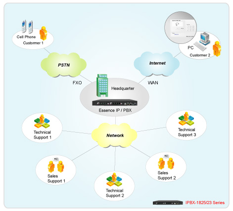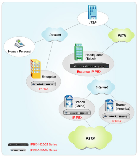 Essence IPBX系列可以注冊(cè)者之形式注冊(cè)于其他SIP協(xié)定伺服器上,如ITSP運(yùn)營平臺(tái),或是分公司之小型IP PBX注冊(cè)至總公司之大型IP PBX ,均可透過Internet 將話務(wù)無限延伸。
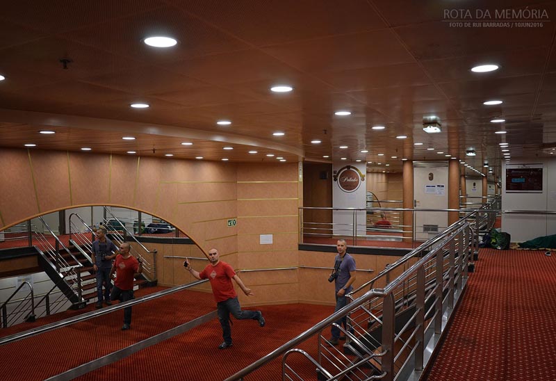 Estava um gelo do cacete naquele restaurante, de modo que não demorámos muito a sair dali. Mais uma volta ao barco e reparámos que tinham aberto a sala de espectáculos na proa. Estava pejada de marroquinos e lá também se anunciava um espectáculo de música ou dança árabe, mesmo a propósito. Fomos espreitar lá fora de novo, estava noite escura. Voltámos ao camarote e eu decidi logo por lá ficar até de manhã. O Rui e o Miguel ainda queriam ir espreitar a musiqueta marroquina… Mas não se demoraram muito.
--
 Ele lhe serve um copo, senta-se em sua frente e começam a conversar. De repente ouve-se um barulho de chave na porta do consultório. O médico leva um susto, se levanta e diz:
...
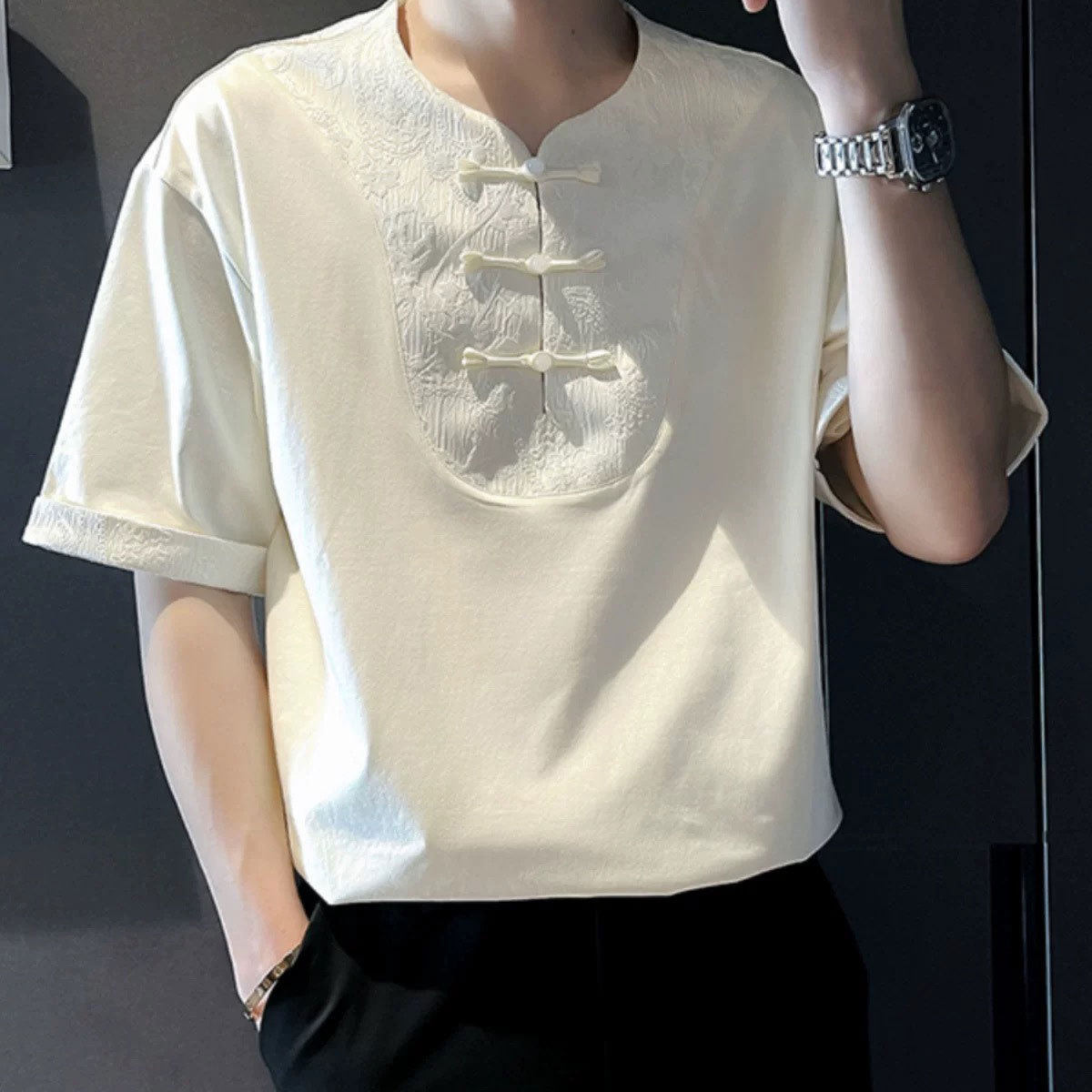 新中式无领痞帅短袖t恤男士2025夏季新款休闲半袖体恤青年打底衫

> YOUR TASK: Pictures excluded, reproduce only the part above that opens with the line holding "PBX ,均可透過Internet 將話務(wù)無限延伸。" and closes with the line holding "Estava um gelo", exactly as written.

> SOLUTION TO THE PROBLEM:
 Essence IPBX系列可以注冊(cè)者之形式注冊(cè)于其他SIP協(xié)定伺服器上,如ITSP運(yùn)營平臺(tái),或是分公司之小型IP PBX注冊(cè)至總公司之大型IP PBX ,均可透過Internet 將話務(wù)無限延伸。
 Estava um gelo do cacete naquele restaurante, de modo que não demorámos muito a sair dali. Mais uma volta ao barco e reparámos que tinham aberto a sala de espectáculos na proa. Estava pejada de marroquinos e lá também se anunciava um espectáculo de música ou dança árabe, mesmo a propósito. Fomos espreitar lá fora de novo, estava noite escura. Voltámos ao camarote e eu decidi logo por lá ficar até de manhã. O Rui e o Miguel ainda queriam ir espreitar a musiqueta marroquina… Mas não se demoraram muito.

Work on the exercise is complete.